**Task description**: Look below for the line that has "합치고 싶은 PDF파일들을 드래그해서 오른쪽 웹페이지로 이동시켜주세요."; output exactly from it through the line that has "- The powder", and leave the pictures out.

**Records**:
====

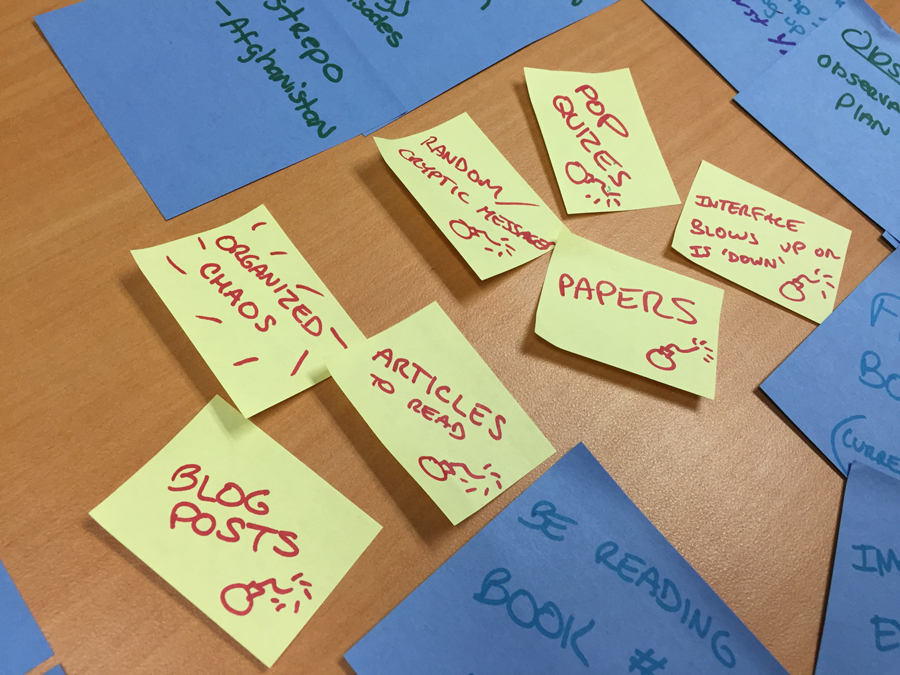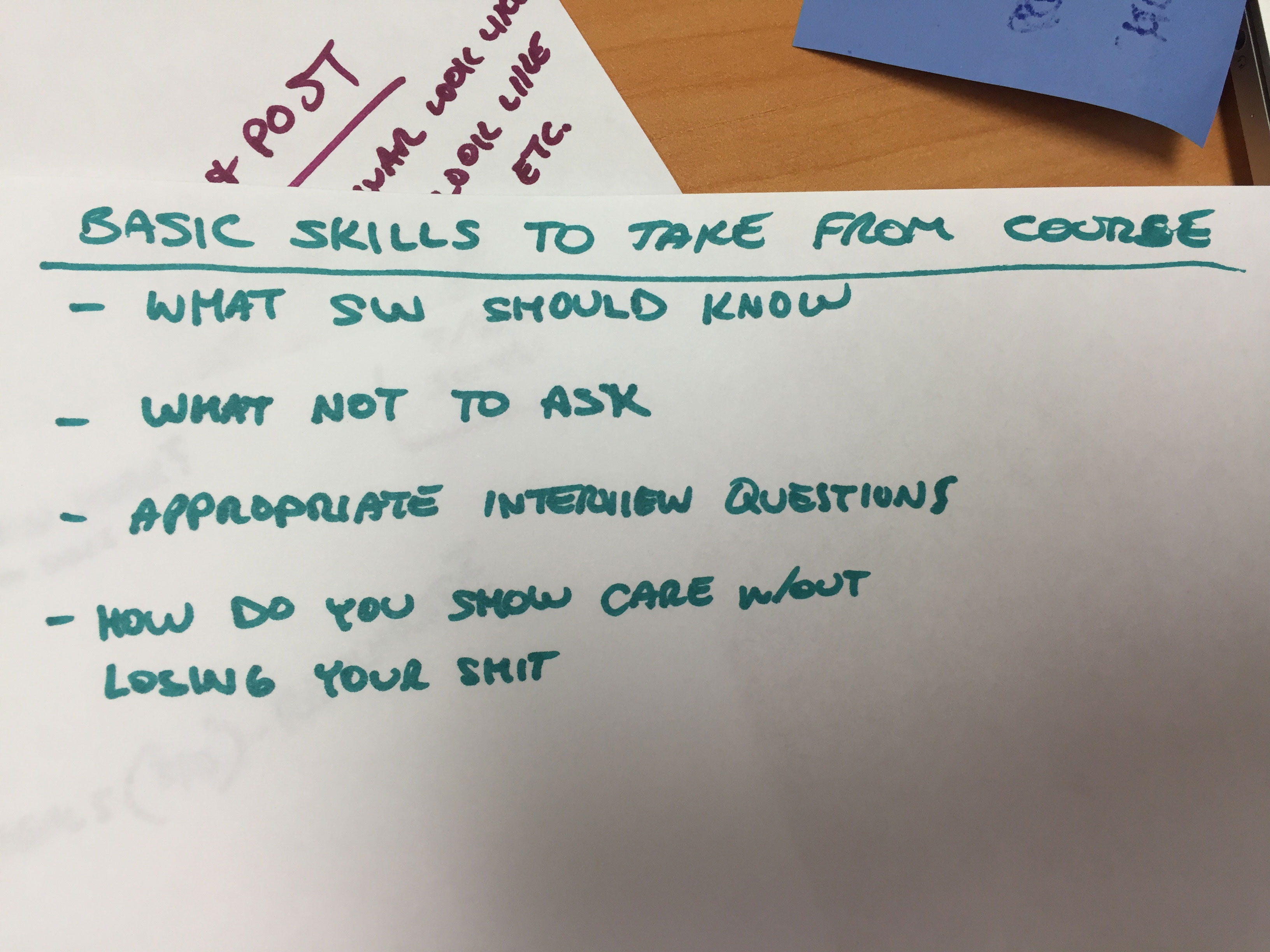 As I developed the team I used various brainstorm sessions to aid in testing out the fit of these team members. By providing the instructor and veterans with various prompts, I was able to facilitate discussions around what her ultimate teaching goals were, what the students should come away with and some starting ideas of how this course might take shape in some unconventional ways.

====

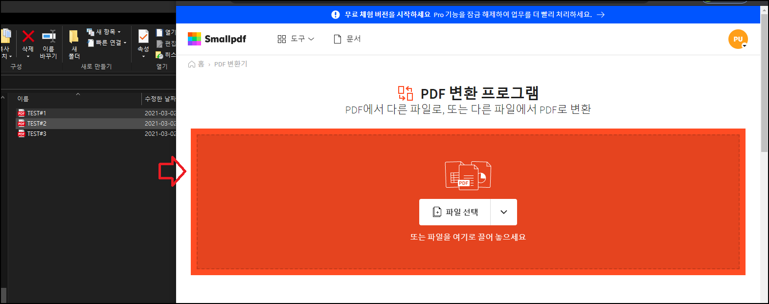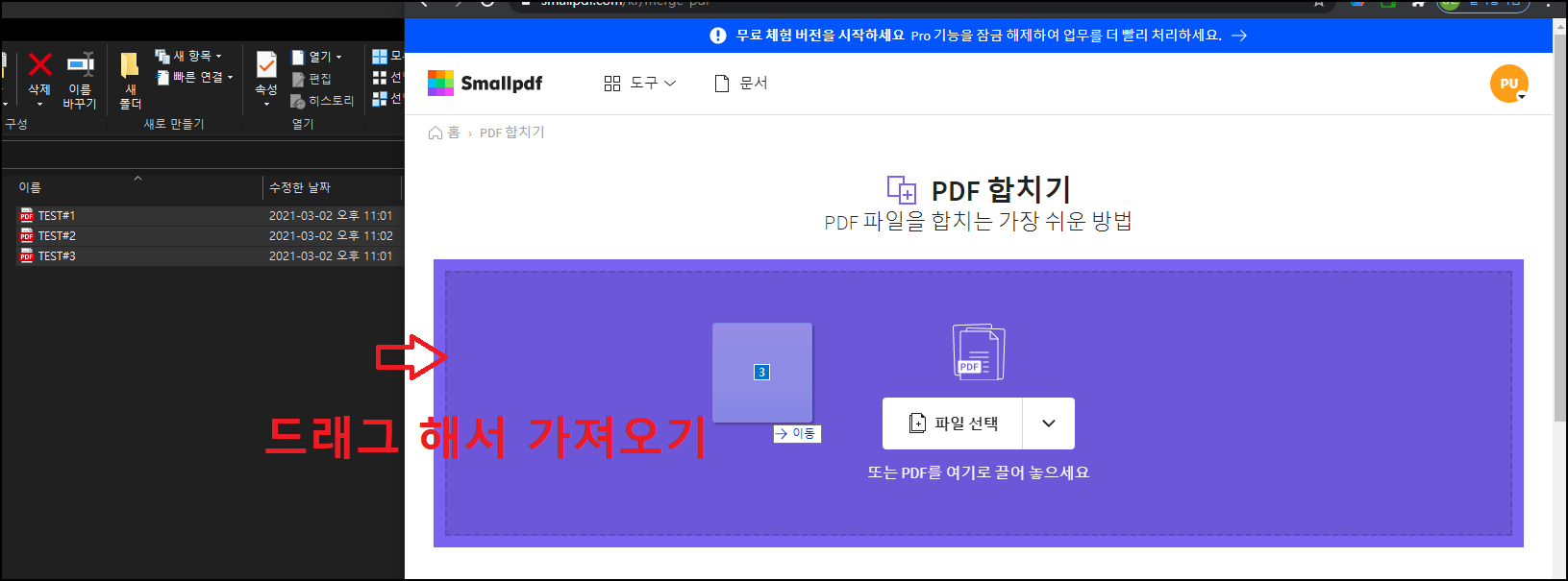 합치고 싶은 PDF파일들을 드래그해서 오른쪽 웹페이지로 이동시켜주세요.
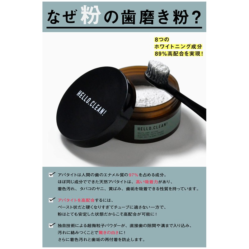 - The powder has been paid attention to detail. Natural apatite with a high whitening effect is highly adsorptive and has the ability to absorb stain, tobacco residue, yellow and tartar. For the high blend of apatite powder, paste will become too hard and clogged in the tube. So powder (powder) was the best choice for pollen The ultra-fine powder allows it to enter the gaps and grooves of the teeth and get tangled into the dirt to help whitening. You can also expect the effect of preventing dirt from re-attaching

====

**Exercise response**:
 합치고 싶은 PDF파일들을 드래그해서 오른쪽 웹페이지로 이동시켜주세요.
 - The powder has been paid attention to detail. Natural apatite with a high whitening effect is highly adsorptive and has the ability to absorb stain, tobacco residue, yellow and tartar. For the high blend of apatite powder, paste will become too hard and clogged in the tube. So powder (powder) was the best choice for pollen The ultra-fine powder allows it to enter the gaps and grooves of the teeth and get tangled into the dirt to help whitening. You can also expect the effect of preventing dirt from re-attaching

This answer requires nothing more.